When she was seventeen, the journey down Haunted Hill was fraught with fear she would never admit to Marcus. That was the whole point of the Ghost Slalom. He’d taunted her she was afraid of ghosts and she said she wasn’t. He challenged her to this competition to prove it, and she was too feisty a Whaley to back down. But when they’d do it, come to the Hill together, midnight on Halloween, she could recall how her heart would pound. And the slow bike ride down definitely freaked her out. She’d picture some suppurating Confederate soldiers with frightful eyes, contorted faces, comin
g at her with clawed hands tipped with long, jagged fingernails. Their stained and grubby prison uniforms hung from their gaunt frames as they lurched out from between parked cars to come for her, seeking to feed on her hidden fear. Hidden fear was the juiciest fear. They’d pull her off her bike and eat her screams, endless blood pouring from the bullet holes punched in them by their Union jailers. It of course never happened. Truth was, Marcus was correct about her being afraid of ghosts. Why wouldn’t she be? But even at seventeen and afraid, she’d never’ve been able to get down Haunted Hill unless Marcus Seabolt was at her side.

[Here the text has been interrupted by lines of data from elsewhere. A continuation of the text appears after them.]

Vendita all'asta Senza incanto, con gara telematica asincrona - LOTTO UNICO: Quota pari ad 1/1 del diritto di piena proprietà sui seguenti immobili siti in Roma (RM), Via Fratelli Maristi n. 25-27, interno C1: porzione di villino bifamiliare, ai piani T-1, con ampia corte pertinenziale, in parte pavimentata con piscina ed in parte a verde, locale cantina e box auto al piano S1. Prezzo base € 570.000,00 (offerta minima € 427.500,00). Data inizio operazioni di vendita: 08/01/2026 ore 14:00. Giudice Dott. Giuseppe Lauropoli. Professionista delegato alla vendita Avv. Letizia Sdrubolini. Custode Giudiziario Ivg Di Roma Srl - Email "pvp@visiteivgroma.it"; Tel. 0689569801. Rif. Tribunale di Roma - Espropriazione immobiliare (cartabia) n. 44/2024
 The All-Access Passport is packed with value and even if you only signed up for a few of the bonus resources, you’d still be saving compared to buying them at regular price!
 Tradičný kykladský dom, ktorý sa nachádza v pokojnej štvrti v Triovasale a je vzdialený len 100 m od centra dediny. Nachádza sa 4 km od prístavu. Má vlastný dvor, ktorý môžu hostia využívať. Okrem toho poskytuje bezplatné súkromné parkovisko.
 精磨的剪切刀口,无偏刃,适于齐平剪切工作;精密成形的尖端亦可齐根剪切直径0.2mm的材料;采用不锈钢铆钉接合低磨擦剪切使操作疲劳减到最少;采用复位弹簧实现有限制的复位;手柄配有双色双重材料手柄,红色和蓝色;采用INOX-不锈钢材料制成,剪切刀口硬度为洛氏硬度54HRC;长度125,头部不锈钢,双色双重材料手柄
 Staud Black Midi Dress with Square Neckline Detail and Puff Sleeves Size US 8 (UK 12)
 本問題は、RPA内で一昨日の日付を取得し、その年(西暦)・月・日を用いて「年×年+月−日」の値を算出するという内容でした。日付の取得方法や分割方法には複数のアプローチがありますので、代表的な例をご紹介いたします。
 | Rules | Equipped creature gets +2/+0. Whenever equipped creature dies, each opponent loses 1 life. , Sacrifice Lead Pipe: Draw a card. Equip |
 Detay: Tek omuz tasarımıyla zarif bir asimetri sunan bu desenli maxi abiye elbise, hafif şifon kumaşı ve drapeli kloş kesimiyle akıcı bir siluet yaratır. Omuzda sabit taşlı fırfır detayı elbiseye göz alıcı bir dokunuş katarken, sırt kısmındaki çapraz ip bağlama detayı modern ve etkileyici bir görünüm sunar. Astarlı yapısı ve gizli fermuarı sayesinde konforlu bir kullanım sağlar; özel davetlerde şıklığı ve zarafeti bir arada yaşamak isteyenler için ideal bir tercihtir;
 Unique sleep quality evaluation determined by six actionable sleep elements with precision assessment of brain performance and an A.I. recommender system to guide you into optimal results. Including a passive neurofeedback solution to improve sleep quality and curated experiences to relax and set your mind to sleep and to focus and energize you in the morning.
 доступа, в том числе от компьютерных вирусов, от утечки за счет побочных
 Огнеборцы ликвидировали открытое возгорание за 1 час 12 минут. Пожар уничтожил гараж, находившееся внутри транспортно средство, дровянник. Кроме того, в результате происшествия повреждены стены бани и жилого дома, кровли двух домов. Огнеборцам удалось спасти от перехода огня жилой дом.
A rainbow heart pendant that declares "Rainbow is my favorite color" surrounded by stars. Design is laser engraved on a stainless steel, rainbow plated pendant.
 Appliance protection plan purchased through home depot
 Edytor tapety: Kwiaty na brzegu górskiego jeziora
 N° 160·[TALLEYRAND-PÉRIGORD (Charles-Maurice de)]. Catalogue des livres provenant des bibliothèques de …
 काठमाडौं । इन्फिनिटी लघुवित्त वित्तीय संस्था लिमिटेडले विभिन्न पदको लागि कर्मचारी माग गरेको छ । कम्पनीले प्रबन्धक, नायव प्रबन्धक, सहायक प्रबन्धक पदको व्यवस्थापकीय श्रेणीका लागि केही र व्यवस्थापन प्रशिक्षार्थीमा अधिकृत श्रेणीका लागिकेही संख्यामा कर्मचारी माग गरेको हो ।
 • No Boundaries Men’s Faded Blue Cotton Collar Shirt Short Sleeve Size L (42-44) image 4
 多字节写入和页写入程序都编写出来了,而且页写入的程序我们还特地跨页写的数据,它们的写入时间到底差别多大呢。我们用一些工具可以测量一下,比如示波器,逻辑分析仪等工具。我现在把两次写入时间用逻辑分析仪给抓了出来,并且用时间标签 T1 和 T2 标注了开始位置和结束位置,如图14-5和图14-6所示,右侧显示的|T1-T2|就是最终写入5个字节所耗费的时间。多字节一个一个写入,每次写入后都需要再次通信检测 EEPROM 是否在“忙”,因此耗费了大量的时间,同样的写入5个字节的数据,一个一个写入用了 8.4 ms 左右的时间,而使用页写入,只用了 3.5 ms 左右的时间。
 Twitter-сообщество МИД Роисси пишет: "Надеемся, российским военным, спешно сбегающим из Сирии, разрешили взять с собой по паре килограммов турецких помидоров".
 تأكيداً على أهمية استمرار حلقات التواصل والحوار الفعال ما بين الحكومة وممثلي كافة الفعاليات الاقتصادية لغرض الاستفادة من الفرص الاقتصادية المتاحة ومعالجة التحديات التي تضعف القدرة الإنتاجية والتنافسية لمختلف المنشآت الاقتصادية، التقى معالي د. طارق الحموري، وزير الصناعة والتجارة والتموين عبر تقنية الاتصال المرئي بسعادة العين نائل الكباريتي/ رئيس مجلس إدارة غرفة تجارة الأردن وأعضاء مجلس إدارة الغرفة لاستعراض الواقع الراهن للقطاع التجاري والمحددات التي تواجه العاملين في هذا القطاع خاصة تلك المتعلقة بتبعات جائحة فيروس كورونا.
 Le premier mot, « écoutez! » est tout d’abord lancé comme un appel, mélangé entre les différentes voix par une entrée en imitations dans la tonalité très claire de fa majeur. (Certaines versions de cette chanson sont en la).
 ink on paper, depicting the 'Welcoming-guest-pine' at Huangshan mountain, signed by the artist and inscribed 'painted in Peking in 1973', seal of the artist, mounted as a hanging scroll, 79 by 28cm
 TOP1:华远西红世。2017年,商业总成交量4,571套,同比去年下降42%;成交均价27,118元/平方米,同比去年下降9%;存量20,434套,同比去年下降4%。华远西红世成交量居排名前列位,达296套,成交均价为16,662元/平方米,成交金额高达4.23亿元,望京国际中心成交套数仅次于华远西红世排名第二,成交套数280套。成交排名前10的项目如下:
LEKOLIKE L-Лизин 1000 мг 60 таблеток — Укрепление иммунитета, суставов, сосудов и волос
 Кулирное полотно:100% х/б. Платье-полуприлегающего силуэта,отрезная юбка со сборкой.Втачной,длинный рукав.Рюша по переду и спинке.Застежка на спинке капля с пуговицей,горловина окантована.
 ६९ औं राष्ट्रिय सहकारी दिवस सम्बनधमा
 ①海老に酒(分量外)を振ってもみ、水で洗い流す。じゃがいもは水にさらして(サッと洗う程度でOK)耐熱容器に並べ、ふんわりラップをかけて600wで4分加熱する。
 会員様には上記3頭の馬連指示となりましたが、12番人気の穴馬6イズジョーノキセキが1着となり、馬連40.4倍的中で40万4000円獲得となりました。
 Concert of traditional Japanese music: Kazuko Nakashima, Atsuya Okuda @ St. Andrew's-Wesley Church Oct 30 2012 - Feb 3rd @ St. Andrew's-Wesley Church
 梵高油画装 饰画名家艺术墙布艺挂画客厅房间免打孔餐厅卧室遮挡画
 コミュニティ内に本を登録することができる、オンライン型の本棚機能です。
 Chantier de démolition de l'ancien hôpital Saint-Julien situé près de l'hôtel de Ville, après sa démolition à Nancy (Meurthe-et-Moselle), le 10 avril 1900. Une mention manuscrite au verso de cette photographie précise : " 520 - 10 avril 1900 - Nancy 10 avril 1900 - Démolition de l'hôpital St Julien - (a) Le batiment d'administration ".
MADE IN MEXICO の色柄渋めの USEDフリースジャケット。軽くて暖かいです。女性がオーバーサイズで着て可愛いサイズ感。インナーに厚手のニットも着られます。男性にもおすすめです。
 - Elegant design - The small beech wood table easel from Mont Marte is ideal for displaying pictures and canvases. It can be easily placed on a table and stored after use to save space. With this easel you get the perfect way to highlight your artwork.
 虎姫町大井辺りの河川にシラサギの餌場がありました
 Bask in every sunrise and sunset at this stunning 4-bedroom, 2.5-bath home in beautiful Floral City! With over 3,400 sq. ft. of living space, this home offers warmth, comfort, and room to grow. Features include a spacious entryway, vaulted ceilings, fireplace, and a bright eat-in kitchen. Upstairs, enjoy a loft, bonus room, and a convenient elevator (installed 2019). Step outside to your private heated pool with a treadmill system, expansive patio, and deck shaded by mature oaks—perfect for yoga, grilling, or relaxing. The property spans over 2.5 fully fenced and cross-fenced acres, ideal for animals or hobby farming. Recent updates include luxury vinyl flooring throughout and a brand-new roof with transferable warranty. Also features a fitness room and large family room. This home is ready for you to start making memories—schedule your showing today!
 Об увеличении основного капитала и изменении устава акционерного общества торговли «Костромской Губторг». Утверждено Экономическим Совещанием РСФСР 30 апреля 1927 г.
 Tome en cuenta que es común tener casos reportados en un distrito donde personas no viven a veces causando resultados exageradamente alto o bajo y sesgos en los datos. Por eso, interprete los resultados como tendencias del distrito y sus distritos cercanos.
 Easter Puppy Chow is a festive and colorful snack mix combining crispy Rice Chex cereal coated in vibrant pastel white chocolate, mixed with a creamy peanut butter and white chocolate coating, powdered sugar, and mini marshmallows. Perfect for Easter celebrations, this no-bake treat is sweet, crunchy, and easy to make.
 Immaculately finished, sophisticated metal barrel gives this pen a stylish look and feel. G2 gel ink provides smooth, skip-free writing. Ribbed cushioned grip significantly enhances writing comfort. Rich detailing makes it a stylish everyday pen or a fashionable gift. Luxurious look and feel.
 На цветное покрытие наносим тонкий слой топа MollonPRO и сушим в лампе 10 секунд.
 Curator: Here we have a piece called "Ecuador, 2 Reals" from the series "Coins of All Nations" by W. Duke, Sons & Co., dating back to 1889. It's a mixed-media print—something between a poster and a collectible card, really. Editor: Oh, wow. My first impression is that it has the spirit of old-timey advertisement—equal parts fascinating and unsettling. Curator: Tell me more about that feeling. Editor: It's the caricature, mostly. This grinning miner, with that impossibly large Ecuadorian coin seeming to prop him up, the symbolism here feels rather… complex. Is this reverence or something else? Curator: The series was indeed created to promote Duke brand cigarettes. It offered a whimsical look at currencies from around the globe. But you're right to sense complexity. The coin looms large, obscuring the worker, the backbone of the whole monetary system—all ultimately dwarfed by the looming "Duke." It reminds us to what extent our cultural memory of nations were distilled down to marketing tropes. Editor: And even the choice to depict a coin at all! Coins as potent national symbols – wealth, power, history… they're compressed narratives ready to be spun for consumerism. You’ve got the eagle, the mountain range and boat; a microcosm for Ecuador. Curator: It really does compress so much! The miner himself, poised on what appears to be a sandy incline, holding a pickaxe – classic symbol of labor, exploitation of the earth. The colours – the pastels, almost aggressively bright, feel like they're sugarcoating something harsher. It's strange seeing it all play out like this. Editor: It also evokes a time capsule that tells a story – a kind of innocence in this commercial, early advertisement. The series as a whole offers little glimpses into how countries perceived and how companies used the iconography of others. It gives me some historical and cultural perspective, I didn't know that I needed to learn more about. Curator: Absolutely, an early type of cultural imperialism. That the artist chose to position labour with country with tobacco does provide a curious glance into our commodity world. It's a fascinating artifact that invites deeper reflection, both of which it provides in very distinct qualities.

They made it seven-eighths of the way, both of them weaving so slow their wobbly front wheels oscillated from side-to-side as they struggled for balance. Both of them chuckling through their noses, their bodies held so tight laughter could barely escape.
They were close to the finish line and Marcus was ahead. Marcus was going to lose. He began getting his bike to jump up and down, using the pedals to hop in place like he was still seventeen and still rode that bad-boy BMX bike he had, black with silver letters and stripes.
“No hopping,” she warned him.
“I’m not,” he said, “that’s hardly hop— Oof!”
And that’s when he went down.
Too hardy a pull on the front brake lever, and whoop, that rear wheel came up. Then he was struggling to jump over his handlebars before he went face first into the pavement.
Her first instinct was to laugh, but when she saw him hurtle to the ground shoulder first and roll two somersaults, laughing was the last thing she was thinking. “Oh Marcus!” she called out, jumping off her bike now and running to him.
He sat upright on his butt, legs splayed out in front of him. He laughed and groaned like he was sore.
“Are you all right?” she said, and the fact he was alive permitted some laughter to giggle from her.
“I’m all in one piece, but I think I got a boo-boo on my elbow.” He raised his arm to show her. She pulled down his black ragged sleeve and saw that he’d scraped it.